» **INFORMATION SUPPLIED**
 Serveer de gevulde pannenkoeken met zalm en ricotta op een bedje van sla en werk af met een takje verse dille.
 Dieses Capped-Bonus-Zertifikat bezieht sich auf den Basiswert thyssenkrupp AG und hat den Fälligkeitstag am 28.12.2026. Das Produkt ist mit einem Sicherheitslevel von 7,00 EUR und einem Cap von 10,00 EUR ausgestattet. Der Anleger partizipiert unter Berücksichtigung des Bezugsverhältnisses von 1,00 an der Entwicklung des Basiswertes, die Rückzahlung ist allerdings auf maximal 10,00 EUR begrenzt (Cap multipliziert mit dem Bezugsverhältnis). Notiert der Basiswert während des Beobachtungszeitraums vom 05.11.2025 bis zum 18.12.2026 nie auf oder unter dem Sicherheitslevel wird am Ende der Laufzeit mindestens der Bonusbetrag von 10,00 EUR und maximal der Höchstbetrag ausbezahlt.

--

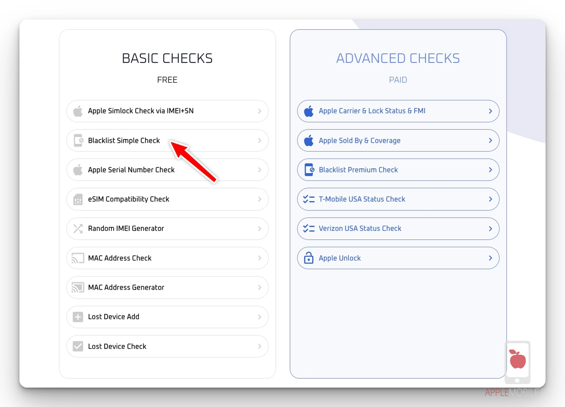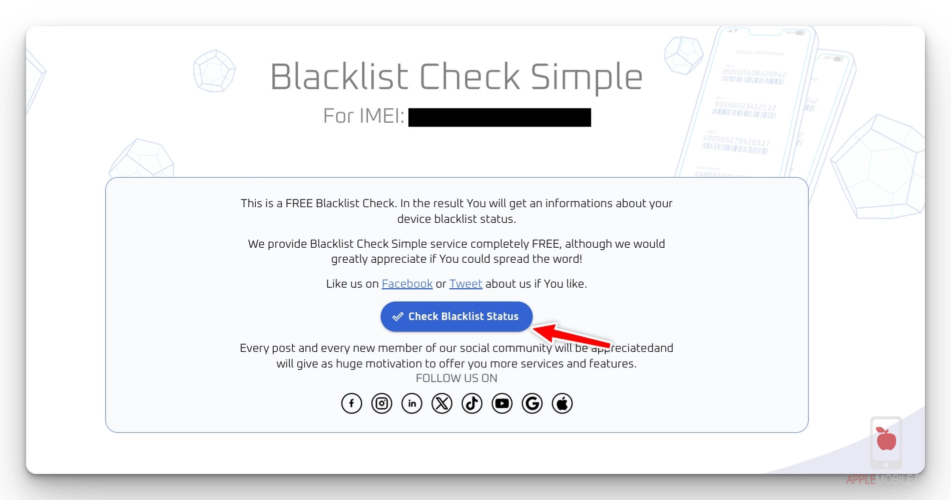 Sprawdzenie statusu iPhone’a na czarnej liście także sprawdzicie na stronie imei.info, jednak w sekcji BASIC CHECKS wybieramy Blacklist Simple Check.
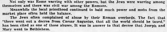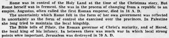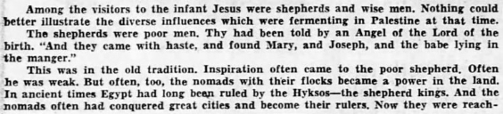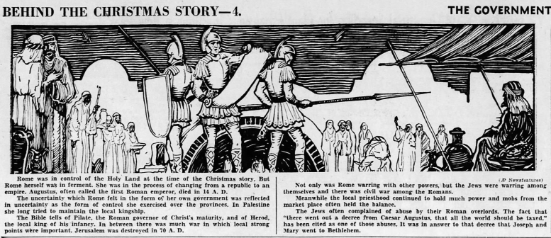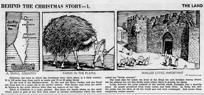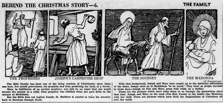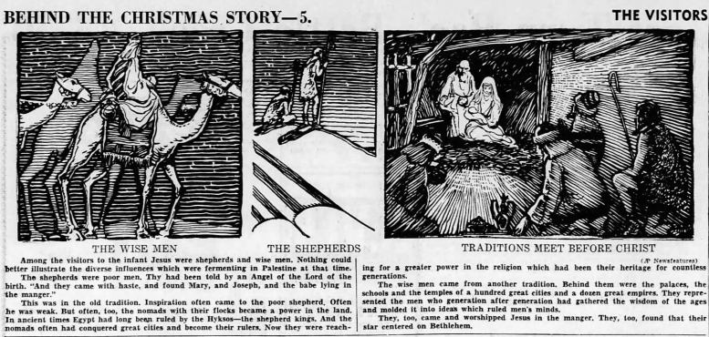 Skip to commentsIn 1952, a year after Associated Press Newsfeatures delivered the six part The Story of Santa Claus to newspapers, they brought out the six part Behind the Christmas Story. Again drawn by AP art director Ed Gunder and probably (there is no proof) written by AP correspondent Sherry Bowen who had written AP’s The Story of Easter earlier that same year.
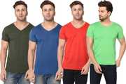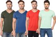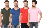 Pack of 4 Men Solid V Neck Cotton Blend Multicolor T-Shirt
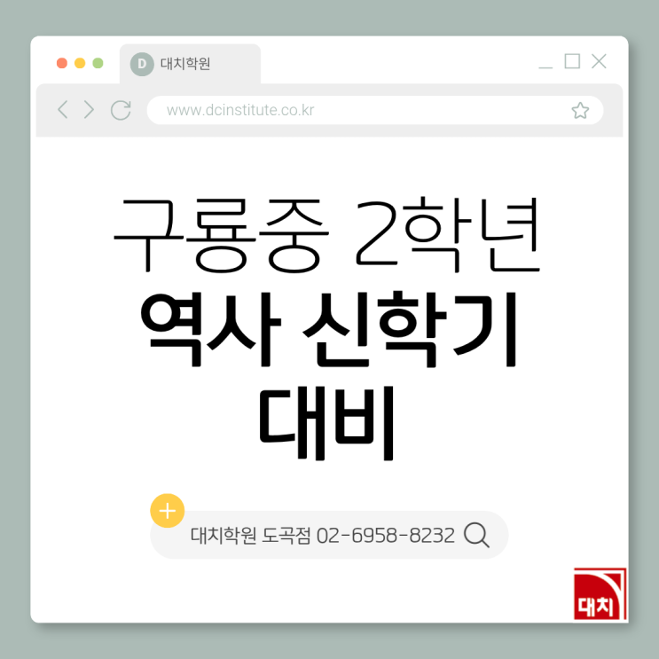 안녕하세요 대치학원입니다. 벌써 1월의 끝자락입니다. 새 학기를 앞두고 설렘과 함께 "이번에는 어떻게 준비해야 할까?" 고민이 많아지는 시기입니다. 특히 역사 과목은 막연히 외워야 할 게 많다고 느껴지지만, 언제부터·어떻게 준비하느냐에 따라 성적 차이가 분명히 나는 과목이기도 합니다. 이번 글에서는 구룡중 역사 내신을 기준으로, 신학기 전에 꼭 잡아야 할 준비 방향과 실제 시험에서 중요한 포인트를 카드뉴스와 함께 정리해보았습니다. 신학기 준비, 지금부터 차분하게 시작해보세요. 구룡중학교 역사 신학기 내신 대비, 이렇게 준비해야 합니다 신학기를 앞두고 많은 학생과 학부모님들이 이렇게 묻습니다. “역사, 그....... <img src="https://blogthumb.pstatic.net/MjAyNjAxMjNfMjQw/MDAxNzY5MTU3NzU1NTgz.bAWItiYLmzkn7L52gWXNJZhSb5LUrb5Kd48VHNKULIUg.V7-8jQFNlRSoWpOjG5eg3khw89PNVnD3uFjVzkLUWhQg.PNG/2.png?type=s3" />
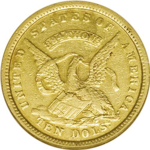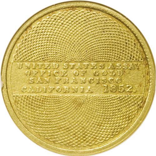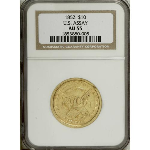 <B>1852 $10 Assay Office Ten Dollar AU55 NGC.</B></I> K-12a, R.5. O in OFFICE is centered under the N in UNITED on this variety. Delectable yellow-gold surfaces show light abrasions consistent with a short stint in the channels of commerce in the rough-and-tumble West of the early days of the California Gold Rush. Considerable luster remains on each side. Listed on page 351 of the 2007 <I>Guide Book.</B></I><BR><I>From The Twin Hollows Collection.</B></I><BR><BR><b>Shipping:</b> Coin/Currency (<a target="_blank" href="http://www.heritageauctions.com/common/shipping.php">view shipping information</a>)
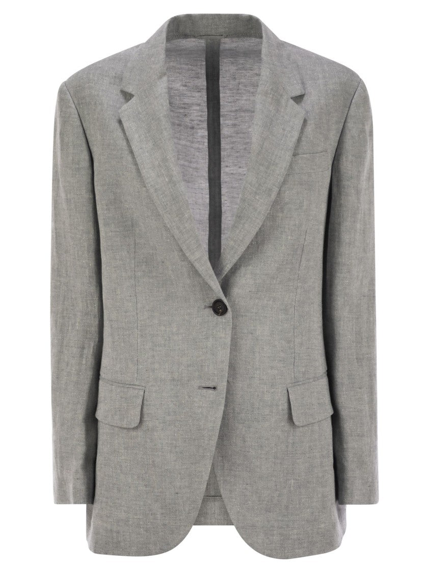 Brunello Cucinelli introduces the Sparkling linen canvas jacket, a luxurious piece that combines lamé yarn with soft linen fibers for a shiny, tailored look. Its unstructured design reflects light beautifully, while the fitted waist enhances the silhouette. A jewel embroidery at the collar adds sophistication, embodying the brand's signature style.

» **WORK INSTRUCTIONS**
Look above for the line with "<B>1852 $10 Assay" and the line with "Brunello Cucinelli introduces"; set down those two lines and all lines between them exactly, without pictures and without anything else.

» **ANSWER TO THIS TASK**
 <B>1852 $10 Assay Office Ten Dollar AU55 NGC.</B></I> K-12a, R.5. O in OFFICE is centered under the N in UNITED on this variety. Delectable yellow-gold surfaces show light abrasions consistent with a short stint in the channels of commerce in the rough-and-tumble West of the early days of the California Gold Rush. Considerable luster remains on each side. Listed on page 351 of the 2007 <I>Guide Book.</B></I><BR><I>From The Twin Hollows Collection.</B></I><BR><BR><b>Shipping:</b> Coin/Currency (<a target="_blank" href="http://www.heritageauctions.com/common/shipping.php">view shipping information</a>)
 Brunello Cucinelli introduces the Sparkling linen canvas jacket, a luxurious piece that combines lamé yarn with soft linen fibers for a shiny, tailored look. Its unstructured design reflects light beautifully, while the fitted waist enhances the silhouette. A jewel embroidery at the collar adds sophistication, embodying the brand's signature style.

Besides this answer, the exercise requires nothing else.